[Stored data entries]
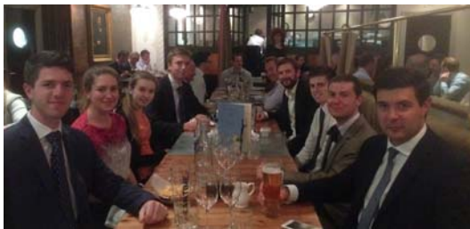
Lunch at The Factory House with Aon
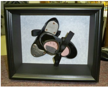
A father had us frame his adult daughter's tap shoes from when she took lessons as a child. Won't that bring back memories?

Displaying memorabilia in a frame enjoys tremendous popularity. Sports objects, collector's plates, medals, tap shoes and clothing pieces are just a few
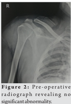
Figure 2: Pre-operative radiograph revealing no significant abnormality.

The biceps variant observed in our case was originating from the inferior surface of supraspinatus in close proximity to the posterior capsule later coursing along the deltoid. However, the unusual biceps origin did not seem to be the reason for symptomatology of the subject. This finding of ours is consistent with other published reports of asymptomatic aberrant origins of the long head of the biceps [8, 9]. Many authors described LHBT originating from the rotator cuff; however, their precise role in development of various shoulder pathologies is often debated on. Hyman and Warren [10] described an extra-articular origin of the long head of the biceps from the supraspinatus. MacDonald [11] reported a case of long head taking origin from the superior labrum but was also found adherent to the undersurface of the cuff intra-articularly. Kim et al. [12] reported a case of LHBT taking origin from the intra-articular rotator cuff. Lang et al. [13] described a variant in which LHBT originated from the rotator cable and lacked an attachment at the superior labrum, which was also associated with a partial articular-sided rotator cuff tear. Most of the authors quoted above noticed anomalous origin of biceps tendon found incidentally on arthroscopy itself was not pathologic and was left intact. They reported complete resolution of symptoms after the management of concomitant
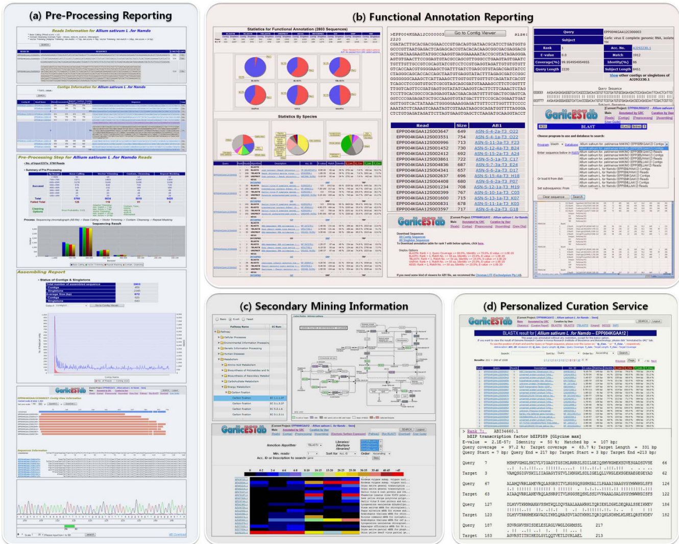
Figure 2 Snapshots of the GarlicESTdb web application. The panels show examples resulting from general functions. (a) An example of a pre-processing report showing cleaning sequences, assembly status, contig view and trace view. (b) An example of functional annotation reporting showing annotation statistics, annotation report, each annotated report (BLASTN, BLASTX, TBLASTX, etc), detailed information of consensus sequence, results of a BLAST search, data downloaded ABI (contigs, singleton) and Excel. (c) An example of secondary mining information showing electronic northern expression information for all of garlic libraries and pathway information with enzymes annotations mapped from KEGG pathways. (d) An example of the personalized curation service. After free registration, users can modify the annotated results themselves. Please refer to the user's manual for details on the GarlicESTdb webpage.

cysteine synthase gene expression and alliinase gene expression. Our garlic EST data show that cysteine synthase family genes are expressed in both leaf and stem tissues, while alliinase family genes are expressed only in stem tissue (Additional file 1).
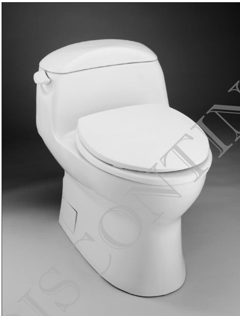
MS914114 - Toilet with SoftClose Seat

==

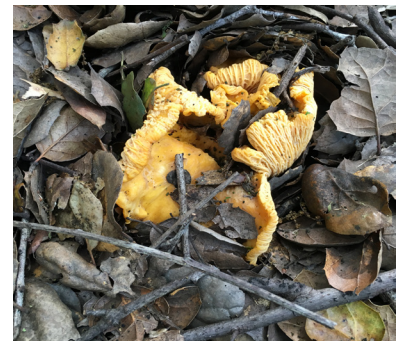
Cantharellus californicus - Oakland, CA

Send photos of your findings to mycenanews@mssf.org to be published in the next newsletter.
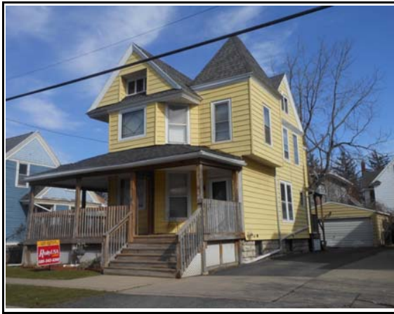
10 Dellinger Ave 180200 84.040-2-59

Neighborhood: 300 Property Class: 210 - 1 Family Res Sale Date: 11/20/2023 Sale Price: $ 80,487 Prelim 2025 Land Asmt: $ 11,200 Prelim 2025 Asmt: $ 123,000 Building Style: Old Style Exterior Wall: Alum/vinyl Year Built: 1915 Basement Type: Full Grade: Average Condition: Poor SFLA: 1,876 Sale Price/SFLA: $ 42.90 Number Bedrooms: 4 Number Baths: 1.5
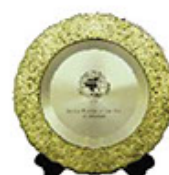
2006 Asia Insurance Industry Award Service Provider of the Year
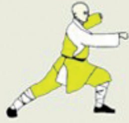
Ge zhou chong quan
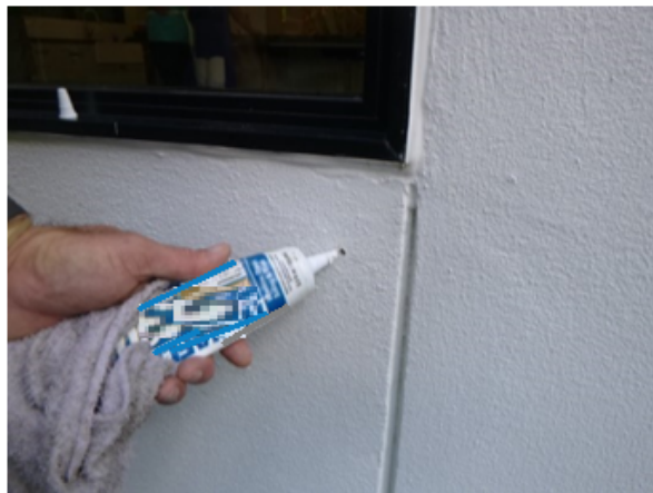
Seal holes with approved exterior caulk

- **DIRECTIONS**:
Using the data above, give again exactly the lines starting at the one holding "cysteine synthase gene" and ending at the one holding "MS914114 - Toilet with SoftClose Seat", inclusive, and nothing more. Omit the pictures.

- **ANSWER BELOW**:
cysteine synthase gene expression and alliinase gene expression. Our garlic EST data show that cysteine synthase family genes are expressed in both leaf and stem tissues, while alliinase family genes are expressed only in stem tissue (Additional file 1).
MS914114 - Toilet with SoftClose Seat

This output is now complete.